Data Mesh Self Service — Automatic Schema evolution in BigQuery for any change in Spanner using Spanner change Stream

Atul Guleria
Google Cloud - Community
5 min readDec 23, 2022

In the previous blog of this series ‘Data Mesh Self Service — Ingestion Pattern from Spanner to BigQuery (Data Store for Mesh)’, the various approaches to fetch data from Spanner to BigQuery were discussed. One of the preferred approaches for streaming Spanner changes to BigQuery was described using Spanner Change Streams and Dataflow. In this blog, we will discuss the schema evolution challenge at Spanner and the ways it can be resolved using various methods.

About Spanner Change Stream:

A change stream watches and streams out a Cloud Spanner database’s data changes — inserts, updates, and deletes — in near real-time. It can be used to replicate Spanner data changes to a data warehouse, such as BigQuery, for analytics. A dataflow streaming job can be used for fetching the data from a change stream. Google also provides templates that let you rapidly build Dataflow pipelines for common change stream use cases, including sending all of a stream’s data changes to a BigQuery dataset.

Spanner to BigQuery using Spanner Change Stream and Dataflow job

Objective:

Currently, if there is a schema change(column addition) at the Spanner database, the dataflow job using Change Stream fails and is not able to automatically propagate the changes at BigQuery. The objective of this blog is to achieve automatic schema evolution at BigQuery whenever there is a column addition and data insertion/updation at the Spanner table watched by a Change Stream.

Dataflow template Cloud Spanner change streams to BigQuery:

The Cloud Spanner change streams to BigQuery template is a streaming pipeline that streams Cloud Spanner data change records and writes them into BigQuery tables using Dataflow Runner V2.

If the necessary BigQuery tables don’t exist, the pipeline creates them. Otherwise, existing BigQuery tables are used. The schema of existing BigQuery tables must contain the corresponding tracked columns of the Cloud Spanner tables and the additional metadata columns that are not ignored explicitly by the ‘ignoreFields’ option. Each new BigQuery row includes all columns watched by the change stream from its corresponding row in your Cloud Spanner table at the change record’s timestamp.

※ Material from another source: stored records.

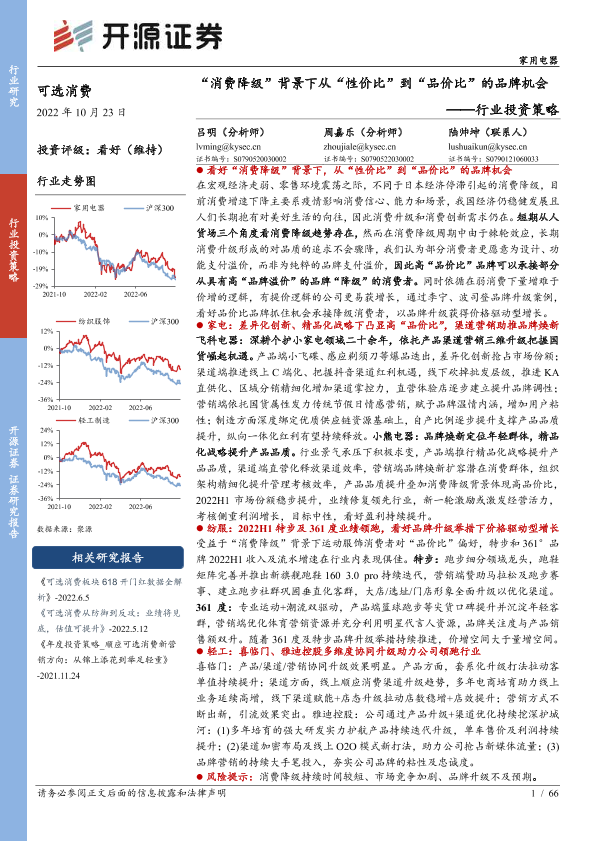 【开源证券】【20221023】家用电器行业投资策略:“消费降级”背景下从“性价比”到“品价比”的品牌机会-66页
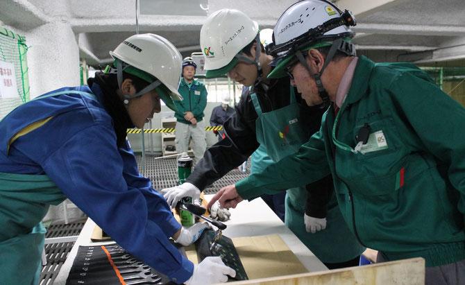 一日目と二日目には、座学と現場見学、SC作業体験、三日目には設備課の研修と座学が行われました。SC作業体験の、一次仕分け・オーダー集約・寄せでは、慣れない作業・環境下ということもあり、緊張した表情で生徒のみなさんは作業をしていました。設備研修では、設備課で共育・研修でも使用する「安全道場」で安全に対する体験をしたり、テストラインを使った構造の仕組みについて、説明が行われました。
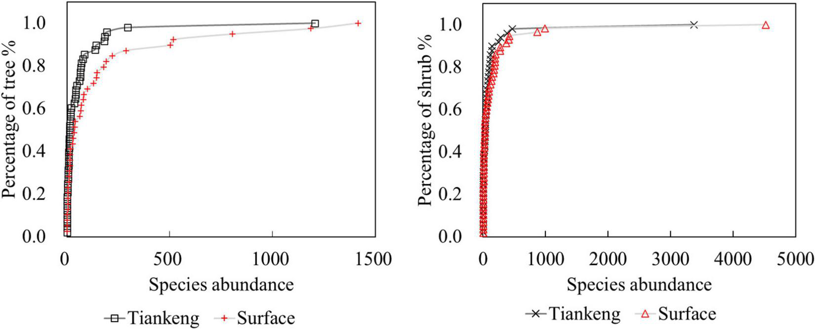 Two species growth of the community within and outside the karst tiankengs presented a fixed S-shaped empirical cumulative distribution function (ECDF), with a high percentage of rare species in different topographies (Figure 3). A higher proportion of trees and shrubs in karst tiankengs than that of the surface, and the overall proportion of shrubs is higher than that of trees. Furthermore, according to the Wilcoxon rank sum test, in the tree and shrub layer, there were significant variations (p < 0.01) in the ECDFs within and outside degraded karst tiankeng.
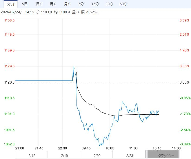 2月24日午盘,焦煤主力合约维持低位震荡,目前盘内报1103元,跌幅-1.52%。从估值的角度看,焦煤当前估值并不高,资金和情绪会加大价格的波动,从风险收益比角度考虑,建议逢低做多,但对于上涨高度不宜过于乐观。
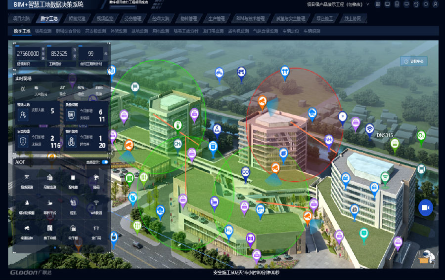 為積極響應“數字中國”理念,對傳統建筑施工進行數字化轉型升級,全方位應用智慧工地管理平臺,配備包括智能廣播、AI事件分析、塔機實時監測、智能安全帽、基坑監測、智能煙感、臨電箱監測、VR安全教育等10余項智能化管理模塊。通過“軟件+硬件”、“人防+技防+智防”實現對現場的動態智能化管控。
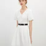 Step into summer with grace and ease in this minimalist white puff sleeve dress, designed for women who love effortless charm and subtle sophistication. Crafted with a clean silhouette and tailored to flatter, this short A-line dress is a timeless wardrobe staple that transitions seamlessly from casual outings to more polished occasions.
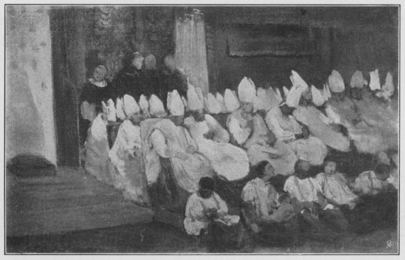 Keywords: Jahrhundertausstellung 1906 KatNr. 0692c.jpg Oil Canvas auf Pappe aufgeklebt cm 32 52 Ernst Hausmann Berlin lt Quelle self scanned from own book Vorstand der Deutschen Jahrhundertausstellung Herausgeber žKatalog zur Ausstellung deutscher Kunst aus der Zeit von 1775 “1875 in der Königlichen Nationalgalerie Berlin Verlag F Bruckmann AG München 1906 2 Bände 1854 PD-old-70-1923 Other versions ImageNote 1 13 10 1120 712 1149 736 2 Die Stufen ziegelrot In den Röcken der Priester der ersten Bank ist das Rot durch die stärkere Bewegung des Pinsels lebhafter und nähert sich Purpur In den Stolas dieser Reihe ist das Weiß stark mit Gelb versetzt Die Kappen alle rein weiß Die Lehnen havanabraun Die Stehenden der hinteren Reihe und die am Boden hockenden Chorknaben sind schwarz gekleidet mit weißgrauen Chorhemden Der Boden dunkelgrün In der Rückwand namentlich violettes Bordeaux Daneben verdecktes Weiß und Braun Dünner Auftrag “ 1854 ImageNoteEnd 1 Friedrich Karl Hausmann Jahrhundertausstellung deutscher Kunst 1906 |
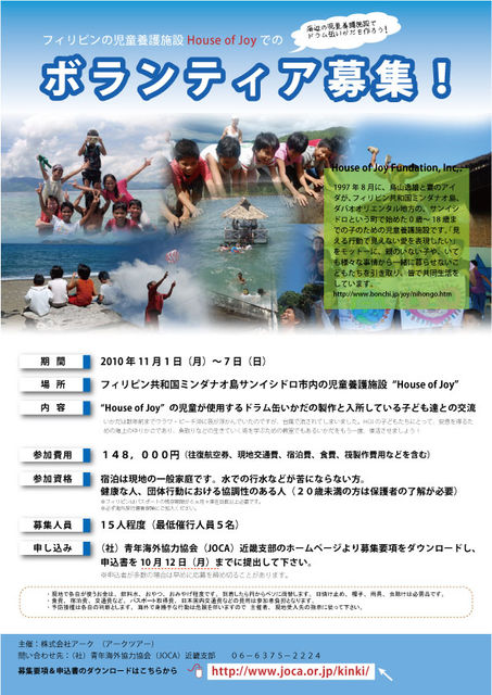 申し込み:(社)青年海外協力協会(JOCA)近畿支部のHP(http://www.joca.or.jp/kinki)から

All change stream watched columns are included in each BigQuery table row, regardless of whether they are modified by a Cloud Spanner transaction. Columns not watched are not included in the BigQuery row. Any Cloud Spanner changes less than the Dataflow watermark is either successfully applied to the BigQuery tables or are stored in the dead letter queue for retry. BigQuery rows are inserted out of order compared to the original Cloud Spanner commit timestamp ordering.

Limitations of Dataflow Template:

Right now if there are Schema Changes at Spanner Database (column addition) and any data change to the new column(insert or update), the dataflow job fails as it is not able to add columns in BigQuery and move the data. It generates an error and writes it to a DLQ(Dead Letter Queue) file in Google Cloud Storage.

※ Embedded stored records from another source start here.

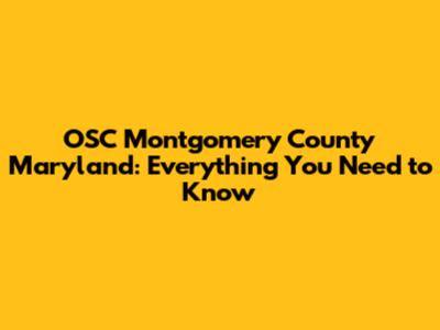 OSC In Montgomery County, Maryland: All You Need To Know
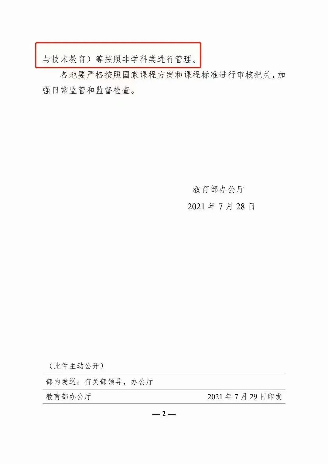 2021年7月28日,教育部办公厅发布《关于进一步减轻义务教育阶段学生作业负担和校外培训负担的意见》,其中提到指导各地做好校外培训(包括线上培训和线下培训)治理工作,明确义务教育阶段校外培训学科类和非学科类范围。
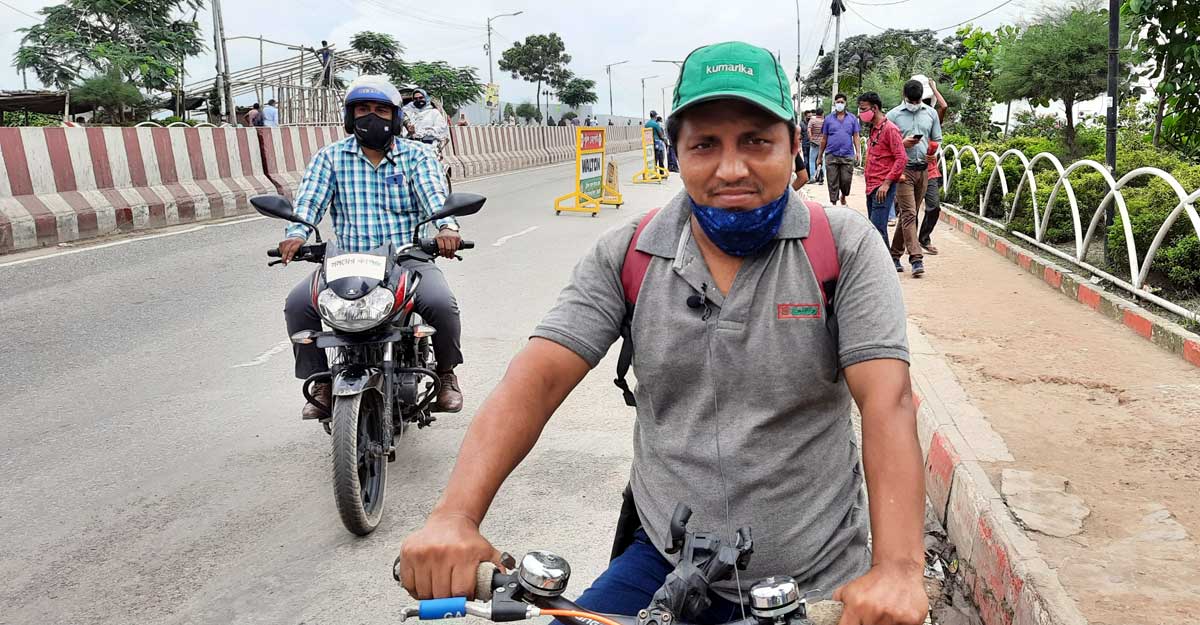 রবিন বলেন, আমার বাড়ি চাঁদপুর। যশোরের কেশবপুরে গিয়েছিলাম অসুস্থ শাশুড়িকে দেখতে। ঈদের আগে বাসে করে গিয়েছি। কিন্তু ফেরার আগেই লকডাউন শুরু হয়ে গেল। তাই বিপাকে পড়েছি। কিন্তু জীবিকার তাগিদে না ফিরে উপায় নেই। তাই সাইকেল নিয়েই রওনা হয়েছি।

Dead Letter Queue in Dataflow Template:

Let us now discuss the “DLQ(Dead Letter Queue)” functionality in the Dataflow Streaming template provided by Google to stream changes from Cloud Spanner change streams to BigQuery.

Whenever there is any issue/error while streaming data from Spanner Change Streams to BigQuery using the Dataflow job the log gets written to an error file inside a DLQ bucket(Default is a directory under the Dataflow job’s temp location). The dataflow tries to do the DML operation 5 times and then it moves the error file to a severe folder inside the bucket.

One such error scenario could be column addition in a table at the Spanner end which is being watched by the Change Stream. Whenever the data would get inserted or updated in the column it would be tracked by the streaming Dataflow job. Since the column does not exist at BigQuery it will generate a DLQ error file at the specified Bucket location as mentioned above.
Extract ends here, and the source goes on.